To investigate the correlation for energy-loudness and energy-acousticness pairs we can build jointplots for each combination.

Python code

"""
- first, display jointplot
- add annotation bar to plot, specifying properties as 'arrowprops'

"""
# plot for energy-loudness pair 
sns.jointplot(x="loudness", y="energy", data=df, kind="hex", height=4.5)

plt.annotate('Energy-loudness relation',
            xy=[0.1, 0.6],
            xytext=[1, 1.2],
            fontsize=14,
            arrowprops=dict(color='grey',
                            arrowstyle='simple',
                            shrinkA=4,
                            shrinkB=4))

# plot for energy-acousticness pair 
sns.jointplot(x="acousticness", y="energy", data=df, kind="hex", height=4.5)

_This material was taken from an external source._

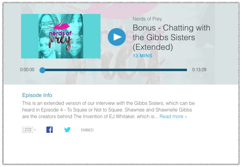 MARCH 2016 -- (Nerds of Prey) The Gibbs Sisters talk with Shannon Miller of the Nerds of Prey podcast about their upcoming steampunk comic, The Invention of E.J. Whitaker.
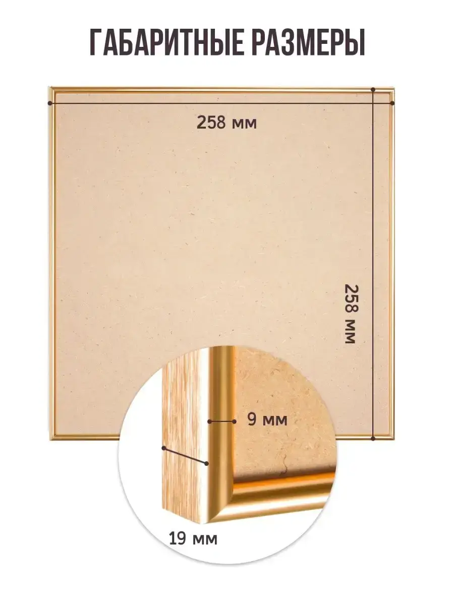 Брашированная алюминиевая рамка 25х25 см с быстрой сменой изображения. Достоинства фоторамки 25х25 см: крепкий стильный металлический каркас; прозрачная вставка из ПЭТ; небольшой вес. Основным преимуществом перед другими металлическими фоторамками 25 на 25 (типа Нельсон) является суперудобная и супербыстрая смена вложений: нужно просто сдвинуть прижимные пружины. В рамки 25 на 25 см можно вставить: постеры; фотографии; пазлы, алмазную мозаику, вышивку и т. д. Рамку для фото 25х25 см можно вешать и вертикально, и горизонтально. Металлические рамки 25х25 см изготовлены из анодированного алюминиевого профиля, укомплектованы жестким задником из оргалита 3 мм, защитным прозрачным пластиком ПЭТ 0,5 мм, металлическими пружинами/подвесами для фиксации вложения и размещения рамки на стене. Внимание! В рамке 25х25 см для постеров мы используем прозрачную вставку из ПЭТ толщиной 0,5 мм, а не стекло. Фоторамка 25х25 получается легкой и безопасной - её невозможно разбить даже намеренно. При этом эстетические свойства рамки 25 на 25 см не теряются: ПЭТ не искажает изображение и обеспечивает 100%-ю прозрачность. Внимание! Перед первым использованием рамки для картины 25х25 с пластиковой вставки необходимо снять защитную пленку с двух сторон! Внимание! Наши рамки 25 на 25 не предназначены для использования вне помещений.

plt.annotate('Energy-acousticness relation',
            xy=[0.1, 0.6],
            xytext=[1, 1.2],
            fontsize=14,
            arrowprops=dict(color='grey',
                            arrowstyle='simple',
                            shrinkA=4,
                            shrinkB=4))

LSTM LSTM

Paired charts shows the positive correlation character for energy and loudness, while energy-accousticness pair behaves in opposite way: energy goes down as acousticness rate increase.

Artist - Genre exploration

To continue with explanatory analysis we will summarize popularity score per artist and top 10 least and most popular artists from sample.

Python code

artist_df = pd.pivot_table(df, values='popularity_score', index=['artist_names'], aggfunc=np.mean)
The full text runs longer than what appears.